Iceland: Risk Assessment
Country Risk Rating
Business Climate Rating
- Stabilised banking sector
- Gradual decrease in public debt
- Abundant renewable energy (geothermal, hydroelectric)
- Oil and gas reserves
- Strong tourism potential
- Large currency reserves
- Strong household consumption
- Small economy
- Volcanic risks
- Limited supervision of banking system in a context of capital inflows and rising property prices
- Volatility of activity due to dependence on tourist numbers
- Risks associated with lifting of capital controls and household debt
- High foreign debt
- Concentration of production and exports (aluminium and seafood)
- Russian embargo against Icelandic seafood
Growth Slowing in Line with a More Sustainable Pace of Tourism
Activity in 2018 is expected to slow but remain strong. This decline is mainly due to a more moderate growth in the key driving force in Icelandic economic activity since 2013: tourism. The sector suffered in 2017 because of the appreciation of the Icelandic krona, increasing the cost of local services for foreign tourists. Whilst the trend has been one of depreciation since mid-2017, prices will remain high for tourists, especially as the increase in VAT on tourist-related services (from 10% to 12%) will in large part offset this depreciation. At the same time, although the numbers of tourists will continue to increase, the actual rate of increase will likely slow, and the average spend per tourist will drop slightly. Investments in the tourism sector will, however, continue at a sustained level in order to make up for accommodation shortages. In addition, public investment will help alleviate the inadequacies of the transport infrastructures resulting from the rapid rise in visitor numbers since 2013. Residential construction will also experience growth, thanks to the rise in property prices, improving credit conditions and the reduction in household debt.
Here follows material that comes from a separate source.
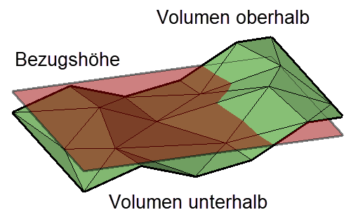 Liegt die Bezugshöhe allerdings innerhalb des vorhandenen Höhenbereichs, wird die Oberfläche geschnitten. Es ist dann zu entscheiden, ob der Volumenkörper oberhalb oder unterhalb der Bezugshöhe erstellt werden soll. |
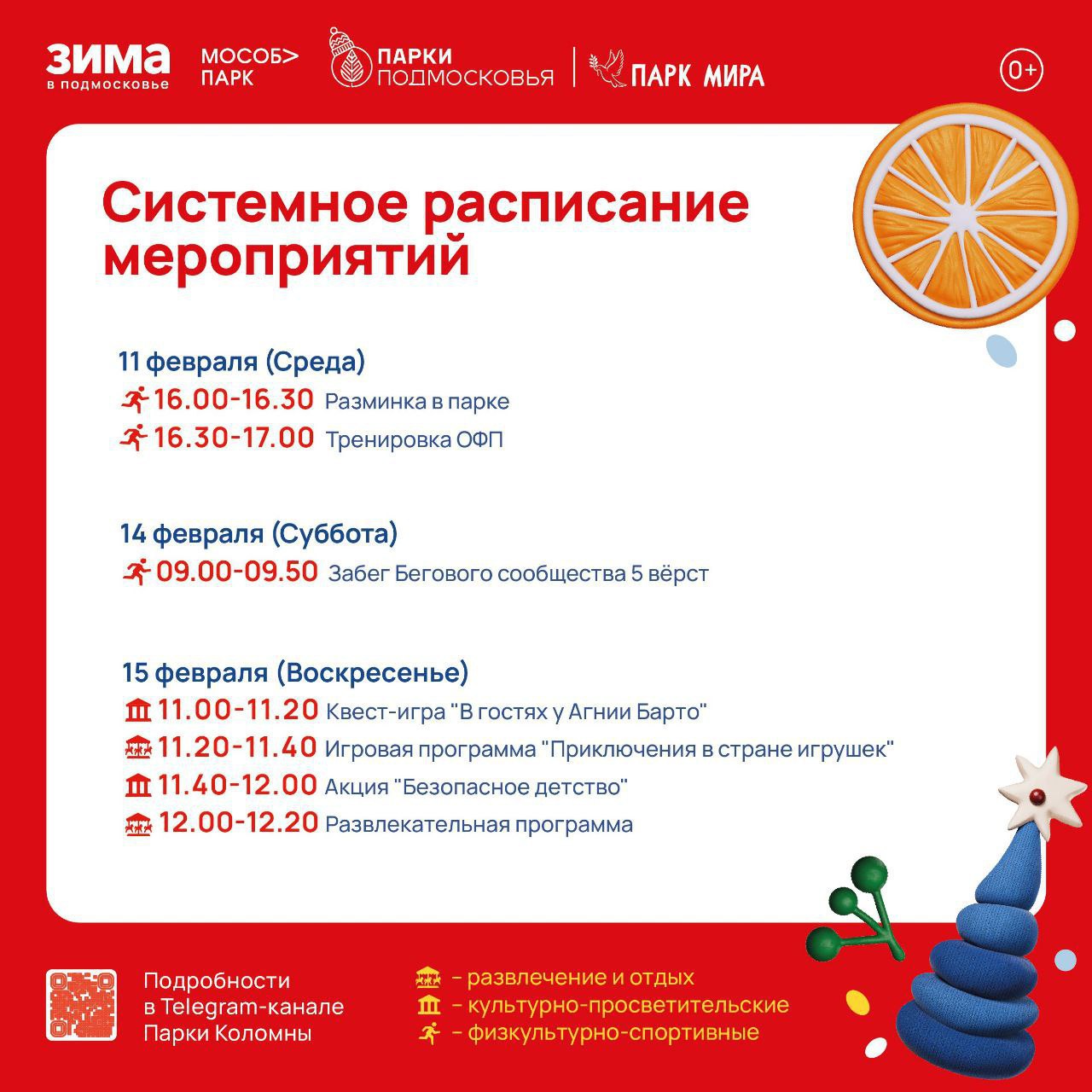 Программа выходного дня в парках порадует новинками. В сквере имени В. А. Зайцева посетители смогут поучаствовать в развлекательной программе и совершить путешествие в страну стихов. В парке Мира состоится квест-игра В гостях у Агнии Барто. В Сосновом бору в Озёрах запланирован мастер-класс по изготовлению игрушек

The fishing and aluminum sectors are still major elements in the economy, and account for almost 75% of the country’s exports. These will benefit from the depreciation of the krona and the upwards trend in external demand. However, the Russian embargo (fifth largest trading partner) will continue to have a negative impact on exports of fishing products, even though the producers have managed to find substitute market outlets since 2015.
Household consumption will remain as one of the growth drivers in Iceland’s economic growth thanks to the rapid rise in wages, in a context of moderate inflation. In addition, the low level of unemployment (3.3% in July 2017) and increasing immigration will also help to further boost it.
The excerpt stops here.